━━━ RECORDS SUPPLIED ━━━

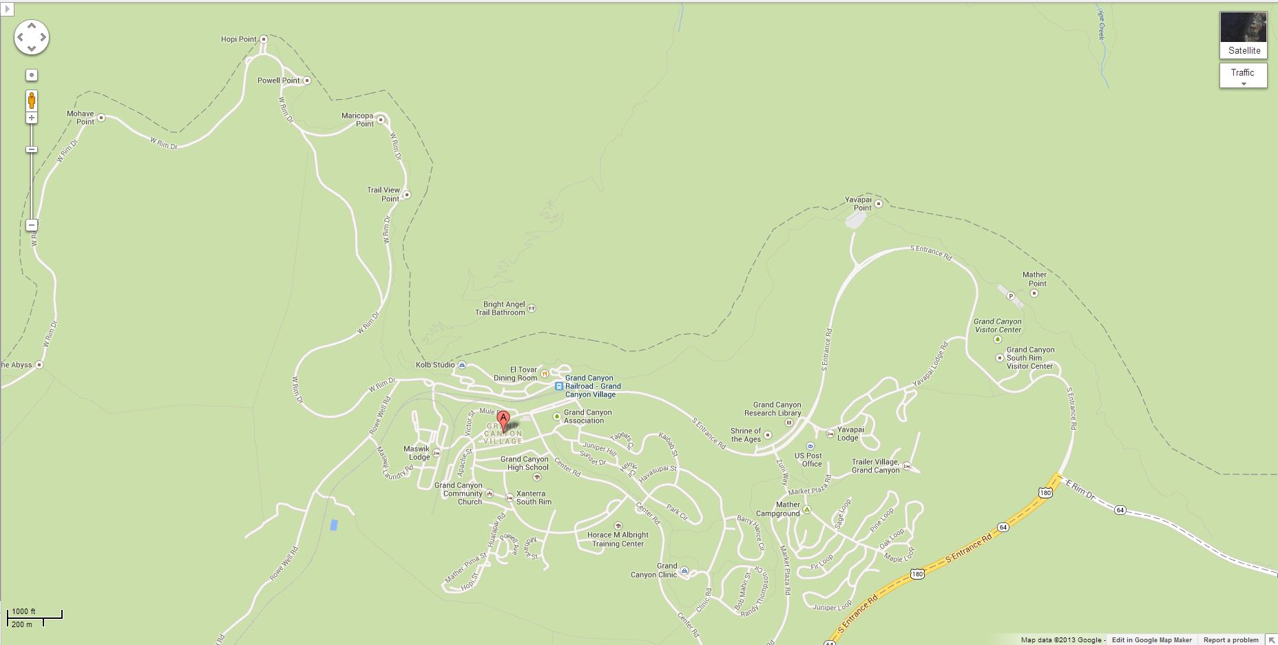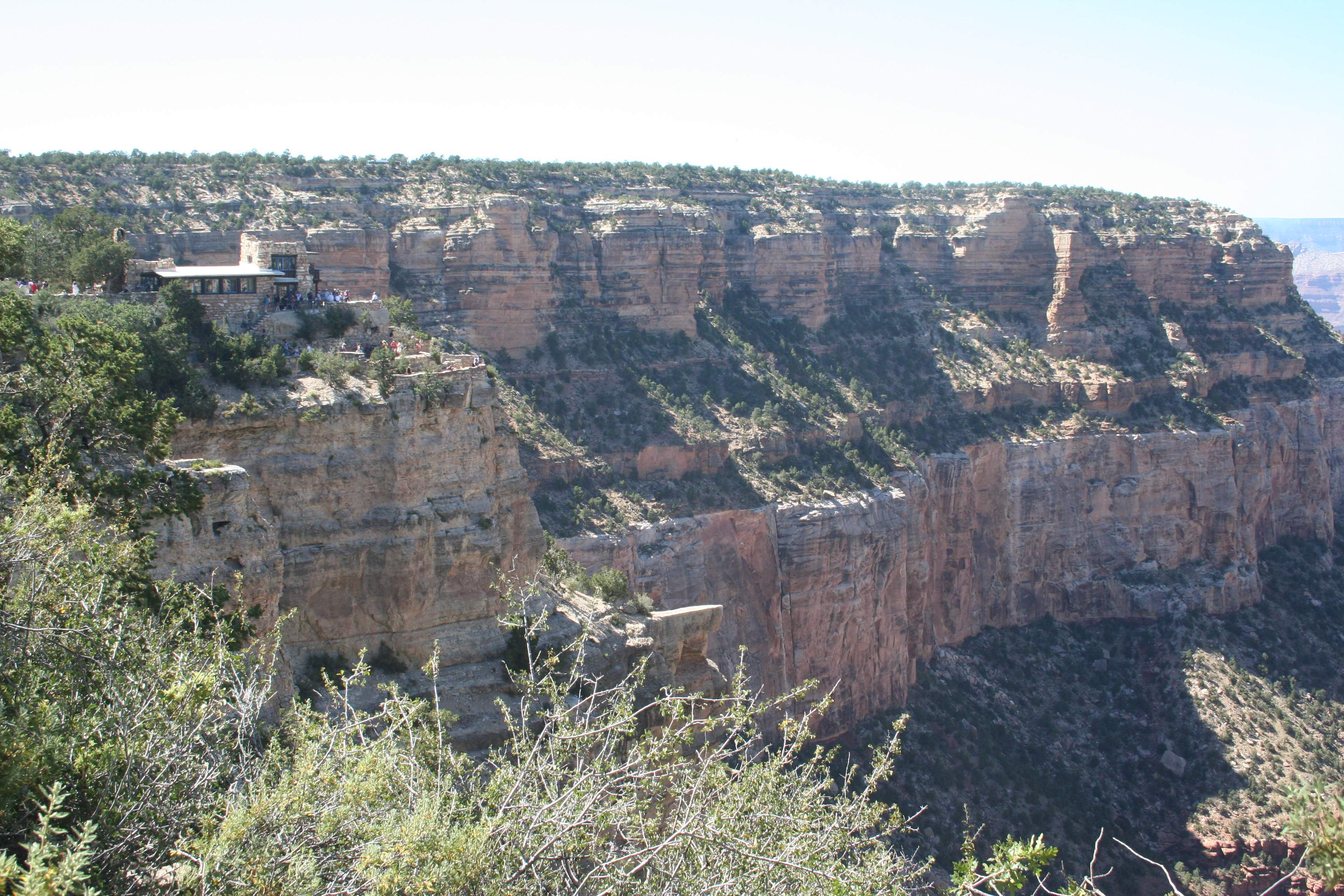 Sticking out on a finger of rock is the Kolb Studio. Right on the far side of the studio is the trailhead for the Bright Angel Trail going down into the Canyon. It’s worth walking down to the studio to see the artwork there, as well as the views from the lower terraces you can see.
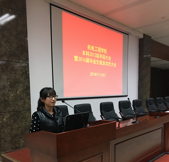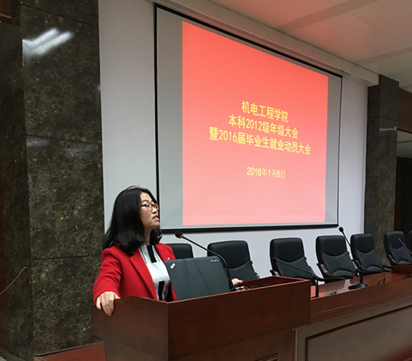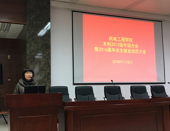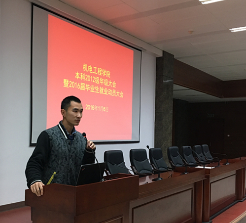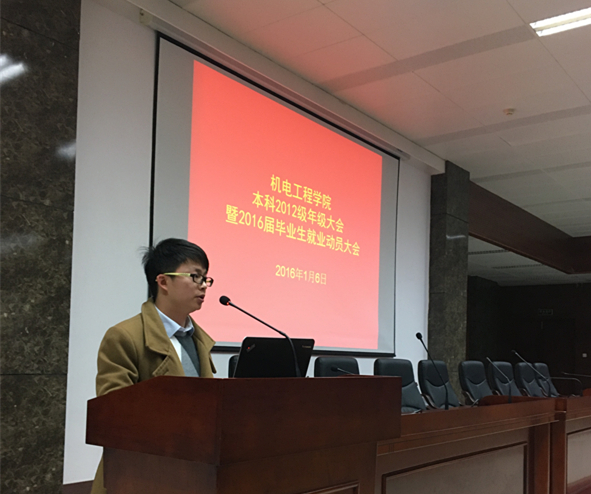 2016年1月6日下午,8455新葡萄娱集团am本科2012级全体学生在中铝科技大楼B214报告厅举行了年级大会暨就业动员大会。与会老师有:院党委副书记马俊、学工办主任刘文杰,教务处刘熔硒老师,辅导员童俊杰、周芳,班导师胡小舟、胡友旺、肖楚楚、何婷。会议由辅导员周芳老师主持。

━━━
━━━ RECORDS SUPPLIED ━━━

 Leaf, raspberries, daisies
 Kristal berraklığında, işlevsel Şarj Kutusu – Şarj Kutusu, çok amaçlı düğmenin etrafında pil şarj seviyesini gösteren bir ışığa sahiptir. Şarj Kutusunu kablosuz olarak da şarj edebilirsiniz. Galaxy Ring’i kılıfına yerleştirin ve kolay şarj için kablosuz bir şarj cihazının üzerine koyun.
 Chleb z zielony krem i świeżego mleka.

━━━
━━━ RECORDS SUPPLIED ━━━

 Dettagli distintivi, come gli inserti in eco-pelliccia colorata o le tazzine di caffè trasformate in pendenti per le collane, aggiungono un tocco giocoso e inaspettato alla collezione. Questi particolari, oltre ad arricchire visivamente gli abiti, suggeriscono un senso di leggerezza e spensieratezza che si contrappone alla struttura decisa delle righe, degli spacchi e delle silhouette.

━━━

From the entries above, give again exactly the lines running from the line with "Kristal berraklığında, işlevsel" to the line with "Chleb z zielony krem i świeżego mleka."; include both of those lines.

## WRITTEN ANSWER
 Kristal berraklığında, işlevsel Şarj Kutusu – Şarj Kutusu, çok amaçlı düğmenin etrafında pil şarj seviyesini gösteren bir ışığa sahiptir. Şarj Kutusunu kablosuz olarak da şarj edebilirsiniz. Galaxy Ring’i kılıfına yerleştirin ve kolay şarj için kablosuz bir şarj cihazının üzerine koyun.
 Chleb z zielony krem i świeżego mleka.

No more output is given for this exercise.